*WORK TASK:* An exact transcription of all the data is required, with every image removed.

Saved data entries
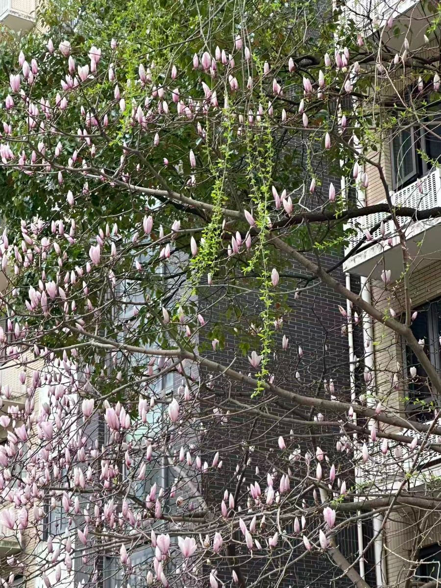 周末下楼散步,一抬头就被小区里的这株粉色玉兰惊艳到了!满树的花苞挨挨挤挤地挂在枝头,粉粉嫩嫩的,像蘸了胭脂的毛笔尖,又像藏着一整个春天的温柔。这应该是二乔玉兰吧,花瓣外层带着淡淡的粉紫,内层却是纯净的白,渐变的色调特别好看。枝头还冒出了嫩绿的新芽,新叶与粉花苞相映,把春日的生机衬得淋漓尽致。风一吹,花苞轻轻晃动,仿佛下一秒就要绽放成满树繁花。站在花树下仰头看,花瓣的粉、枝叶的绿、天空的浅灰,交织成一幅温柔的春日画卷。原来春天真的藏在每一处细节里,这株悄悄盛开的玉兰,就是小区送给我们最浪漫的春日礼物。
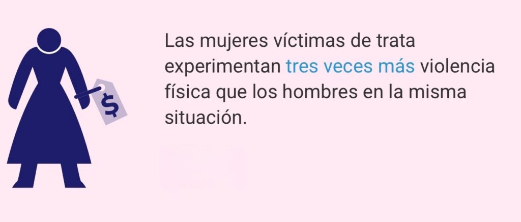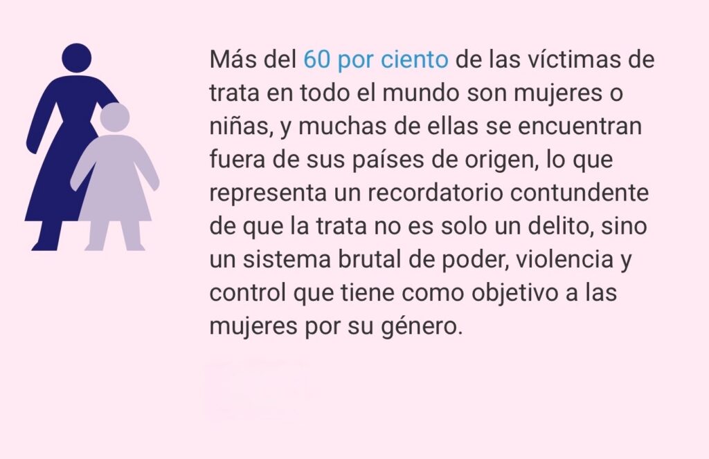 La trata de personas es una de las violaciones más horrendas a los derechos humanos. Debido a las desigualdades de género e impulsados por el lucro, los autores de este delito consideran el trabajo y los cuerpos de las mujeres como mercancías que pueden ser compradas, vendidas, controladas y violadas, y las mujeres son tres veces más propensas a ser víctimas de trata para trabajo forzado que los hombres.
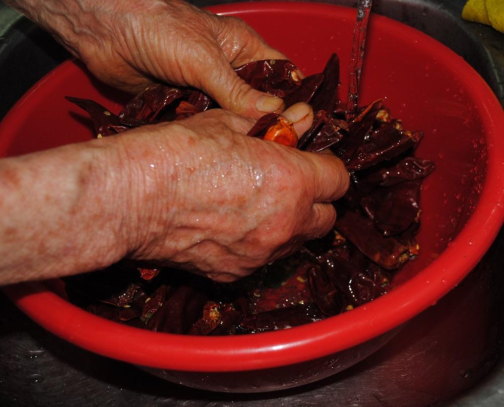 - Просушенные перцы промывают, удаляют семена и плодоножки.
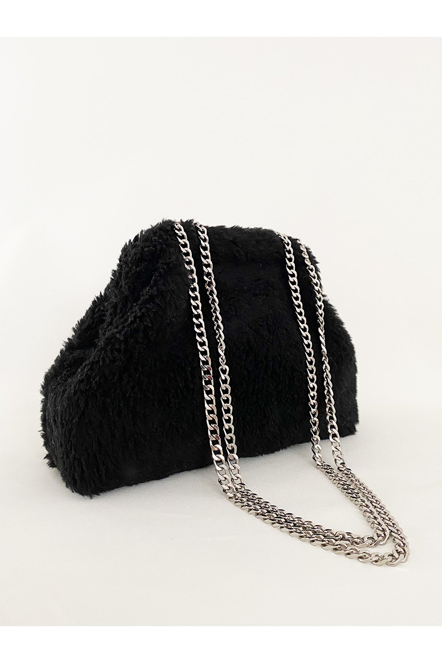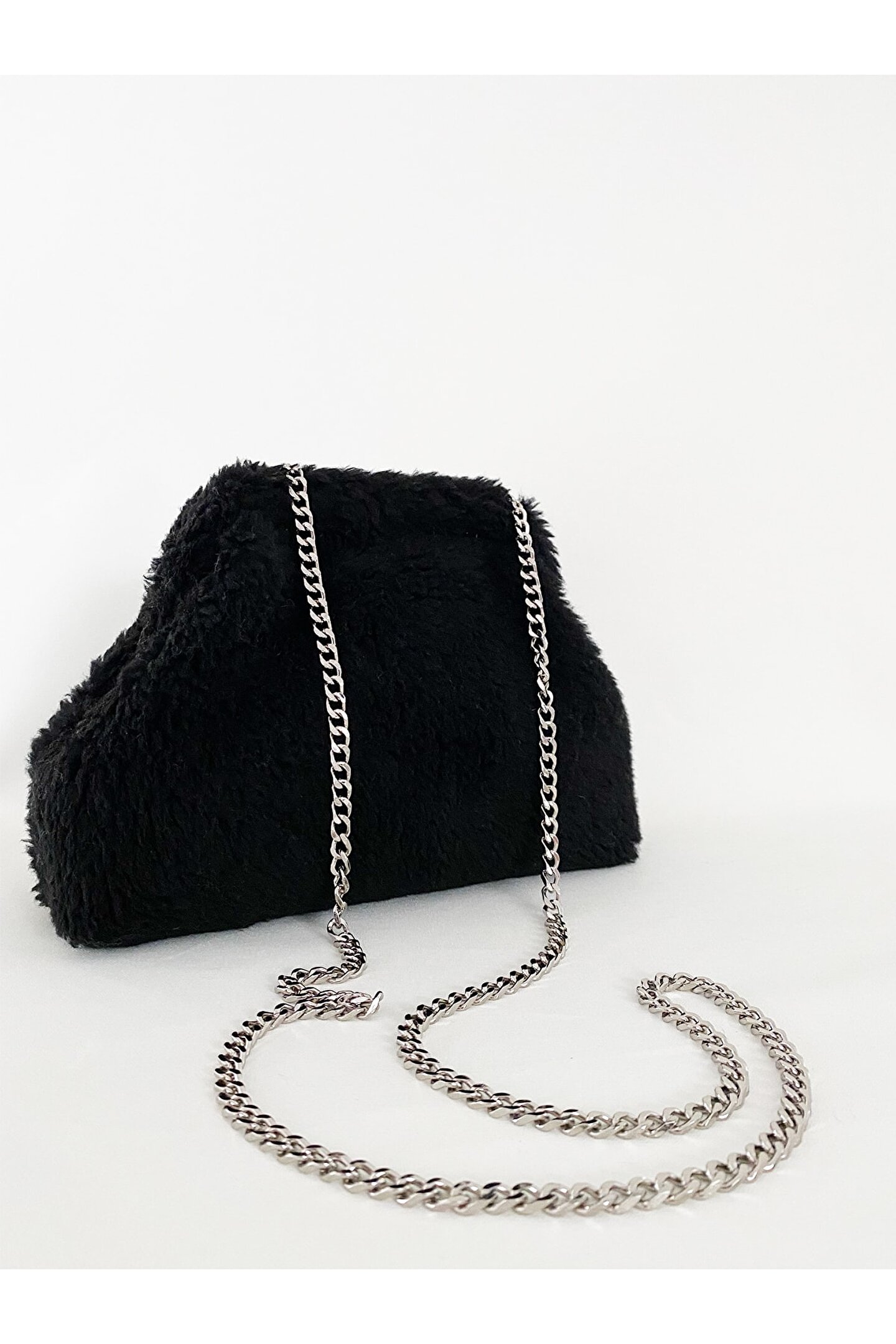 HEYBE‘S Kadın Zincirli Siyah Teddy Peluş Çanta
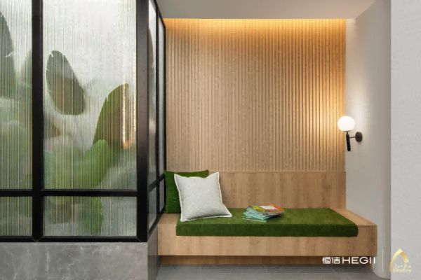 此外,恒洁在本次改造中还甄选了贴合原木纹理与色泽的高端定制卫浴柜,并出于公共卫生空间用水频繁的考虑,浴室柜、门、坐凳等区域特别选用了恒洁自主创新研发的防水多层实木板,基材防水、防潮性能优于国标4倍,可有效解决卫生间内发霉开裂等问题,构建了一套“会呼吸”的健康公共卫生环境。
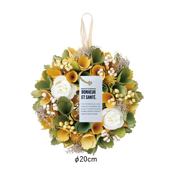 明るさや元気、幸せ、輝きなどのイメージのあるイエロー。ころんとした小さめのリースなら机の上でも邪魔になりません。
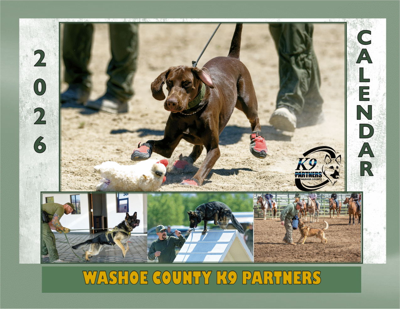 Now Available: 2026 Washoe County K9 Calendar! Celebrate our K9 heroes with a 28-page full-color calendar featuring the Washoe County K9s and their deputy partners. Your $20 donation (plus $5 shipping) supports the K9 Unit directly. Order online or pick one up at Scheels.
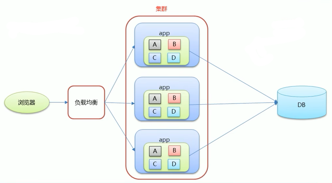 - 一个业务模块, 部署再多台服务器上, 本质是资源堆砌
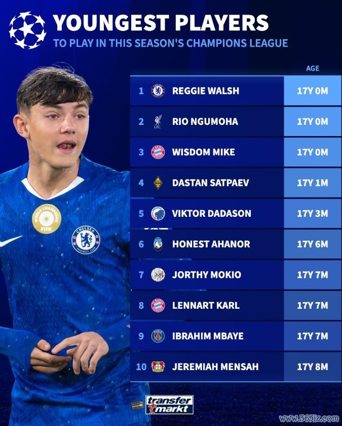 11月5日讯 本赛季,欧冠赛场上一批年青球员有望崭露头角,德国转会商场盘货了各队在欧冠中最年青球员名次。
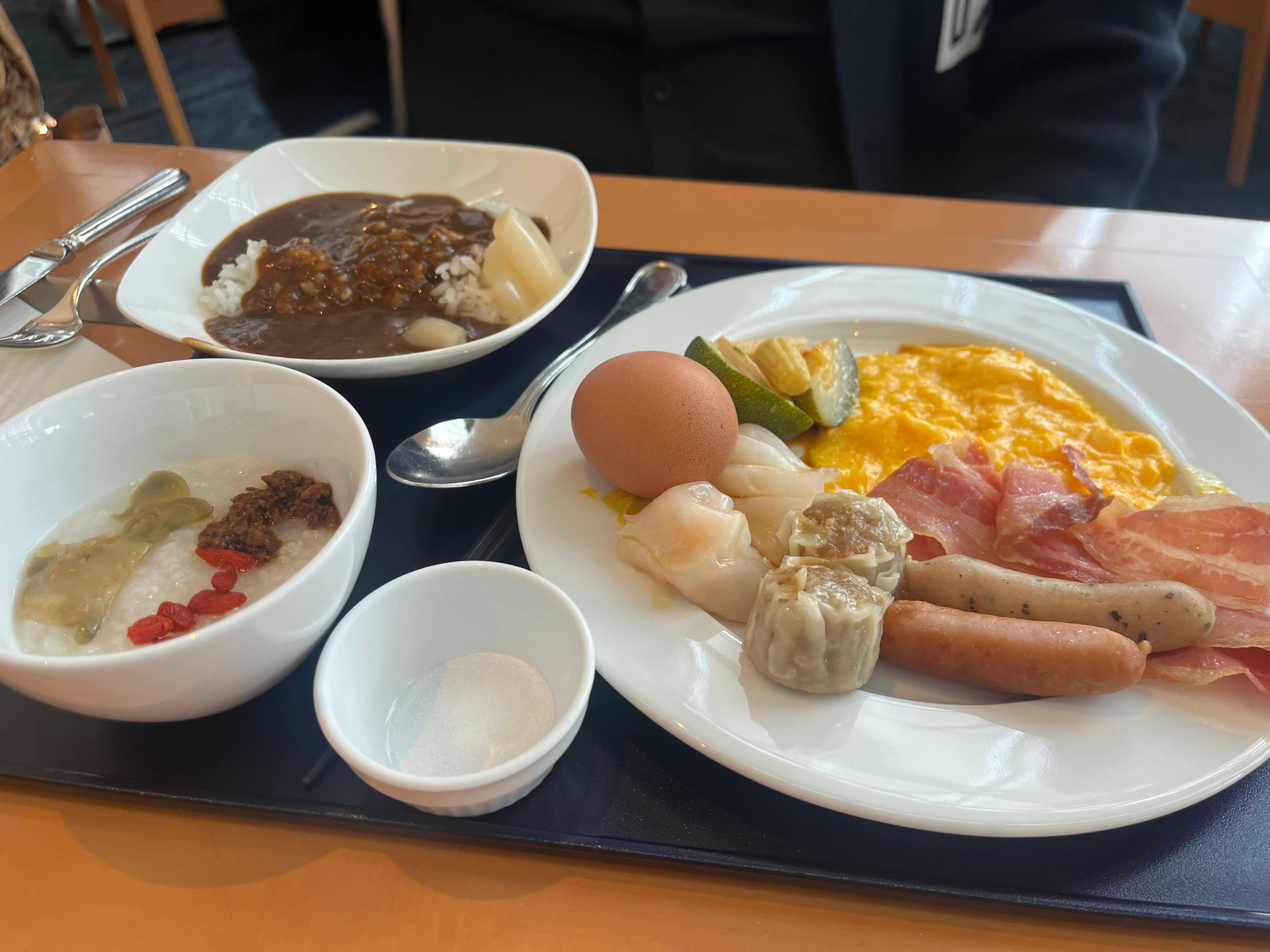 우리가 흔히 조식에서 볼 수 있는 샐러드코너, 씨리얼, 즉석오믈렛, 일식 반찬과 생선구이, 커리와 죽, 디저트 등이 있었어요.
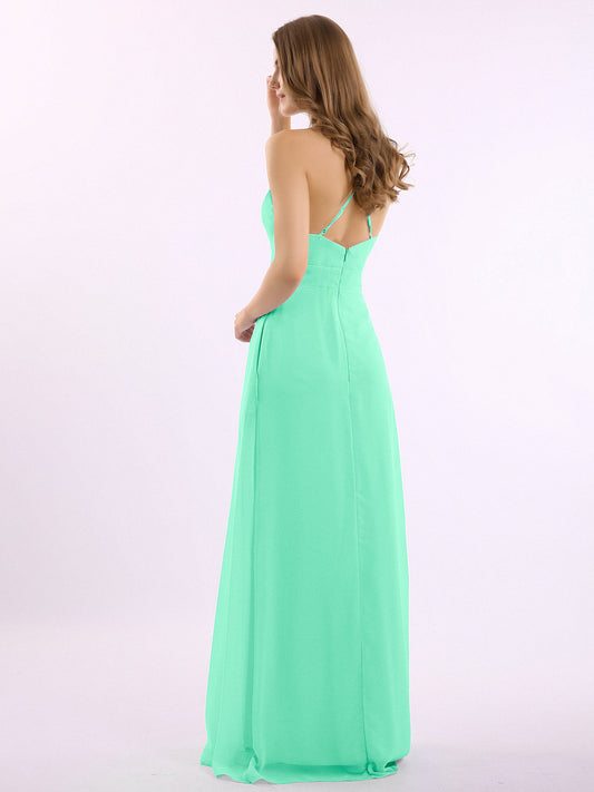 Babaroni LouiseVestidos largos de chiffon con tirantes finos en escote en V y bolsillo Turquesa
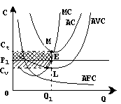 Рыночная цена Р1 ниже минимальных средних издержек , но выше минимальных средних переменных издержек . При оптимальном объеме производства Q1 величина средних издержек производства составит отрезок Q1 M , величина средних переменных издержек – отрезок Q1 L . Следовательно , отрезок ML – это средние постоянные издержки . Если фирма продолжает работать , то ее валовая выручка ( прямоугольник OP1 EQ1 ) будет меньше полных издержек ( прямоугольник OCт MQ1 ) , но при этом будут покрыты переменные издержки ( прямоугольник OCv LQ1 ) и часть постоянных издержек . Размер убытков будет измеряться площадью прямоугольника P1 C1 ME . Если же фирма остановит производство , то убытки составят всю величину постоянных издержек ( прямоугольник Cv Cт ML ) . Таким образом , пока цена выше минимальных средних издержек , фирме в краткосрочном периоде выгоднее продолжать производить продукцию , поскольку в этом случае минимизируются убытки . Если цена равна минимальным средним переменным издержкам , то для нее безразлично , продолжать производство или останавливать его . Если же цена упадет ниже минимальных средних переменных издержек , тогда производство продукции должно быть прекращено .
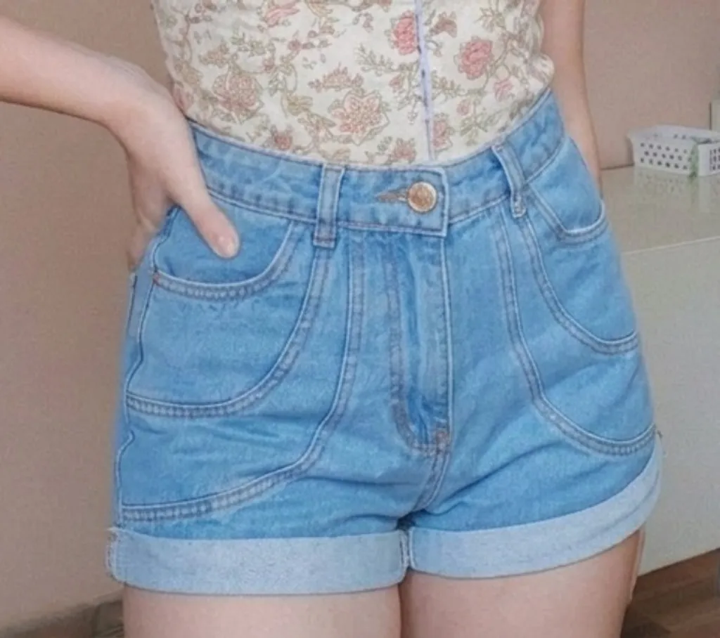 short jeans cintura alta, estilo vintage, na cor azul claro. possui bolsos frontais e traseiros, e barra dobrada. em perfeito estado de conservação tamanho 36 (está mais para 34/36 do que para 36/38) tags mom jeans 90s anos 90 cgc upcycling all star

*WRITTEN SOLUTION:*
 周末下楼散步,一抬头就被小区里的这株粉色玉兰惊艳到了!满树的花苞挨挨挤挤地挂在枝头,粉粉嫩嫩的,像蘸了胭脂的毛笔尖,又像藏着一整个春天的温柔。这应该是二乔玉兰吧,花瓣外层带着淡淡的粉紫,内层却是纯净的白,渐变的色调特别好看。枝头还冒出了嫩绿的新芽,新叶与粉花苞相映,把春日的生机衬得淋漓尽致。风一吹,花苞轻轻晃动,仿佛下一秒就要绽放成满树繁花。站在花树下仰头看,花瓣的粉、枝叶的绿、天空的浅灰,交织成一幅温柔的春日画卷。原来春天真的藏在每一处细节里,这株悄悄盛开的玉兰,就是小区送给我们最浪漫的春日礼物。
 La trata de personas es una de las violaciones más horrendas a los derechos humanos. Debido a las desigualdades de género e impulsados por el lucro, los autores de este delito consideran el trabajo y los cuerpos de las mujeres como mercancías que pueden ser compradas, vendidas, controladas y violadas, y las mujeres son tres veces más propensas a ser víctimas de trata para trabajo forzado que los hombres.
 - Просушенные перцы промывают, удаляют семена и плодоножки.
 HEYBE‘S Kadın Zincirli Siyah Teddy Peluş Çanta
 此外,恒洁在本次改造中还甄选了贴合原木纹理与色泽的高端定制卫浴柜,并出于公共卫生空间用水频繁的考虑,浴室柜、门、坐凳等区域特别选用了恒洁自主创新研发的防水多层实木板,基材防水、防潮性能优于国标4倍,可有效解决卫生间内发霉开裂等问题,构建了一套“会呼吸”的健康公共卫生环境。
 明るさや元気、幸せ、輝きなどのイメージのあるイエロー。ころんとした小さめのリースなら机の上でも邪魔になりません。
 Now Available: 2026 Washoe County K9 Calendar! Celebrate our K9 heroes with a 28-page full-color calendar featuring the Washoe County K9s and their deputy partners. Your $20 donation (plus $5 shipping) supports the K9 Unit directly. Order online or pick one up at Scheels.
 - 一个业务模块, 部署再多台服务器上, 本质是资源堆砌
 11月5日讯 本赛季,欧冠赛场上一批年青球员有望崭露头角,德国转会商场盘货了各队在欧冠中最年青球员名次。
 우리가 흔히 조식에서 볼 수 있는 샐러드코너, 씨리얼, 즉석오믈렛, 일식 반찬과 생선구이, 커리와 죽, 디저트 등이 있었어요.
 Babaroni LouiseVestidos largos de chiffon con tirantes finos en escote en V y bolsillo Turquesa
 Рыночная цена Р1 ниже минимальных средних издержек , но выше минимальных средних переменных издержек . При оптимальном объеме производства Q1 величина средних издержек производства составит отрезок Q1 M , величина средних переменных издержек – отрезок Q1 L . Следовательно , отрезок ML – это средние постоянные издержки . Если фирма продолжает работать , то ее валовая выручка ( прямоугольник OP1 EQ1 ) будет меньше полных издержек ( прямоугольник OCт MQ1 ) , но при этом будут покрыты переменные издержки ( прямоугольник OCv LQ1 ) и часть постоянных издержек . Размер убытков будет измеряться площадью прямоугольника P1 C1 ME . Если же фирма остановит производство , то убытки составят всю величину постоянных издержек ( прямоугольник Cv Cт ML ) . Таким образом , пока цена выше минимальных средних издержек , фирме в краткосрочном периоде выгоднее продолжать производить продукцию , поскольку в этом случае минимизируются убытки . Если цена равна минимальным средним переменным издержкам , то для нее безразлично , продолжать производство или останавливать его . Если же цена упадет ниже минимальных средних переменных издержек , тогда производство продукции должно быть прекращено .
 short jeans cintura alta, estilo vintage, na cor azul claro. possui bolsos frontais e traseiros, e barra dobrada. em perfeito estado de conservação tamanho 36 (está mais para 34/36 do que para 36/38) tags mom jeans 90s anos 90 cgc upcycling all star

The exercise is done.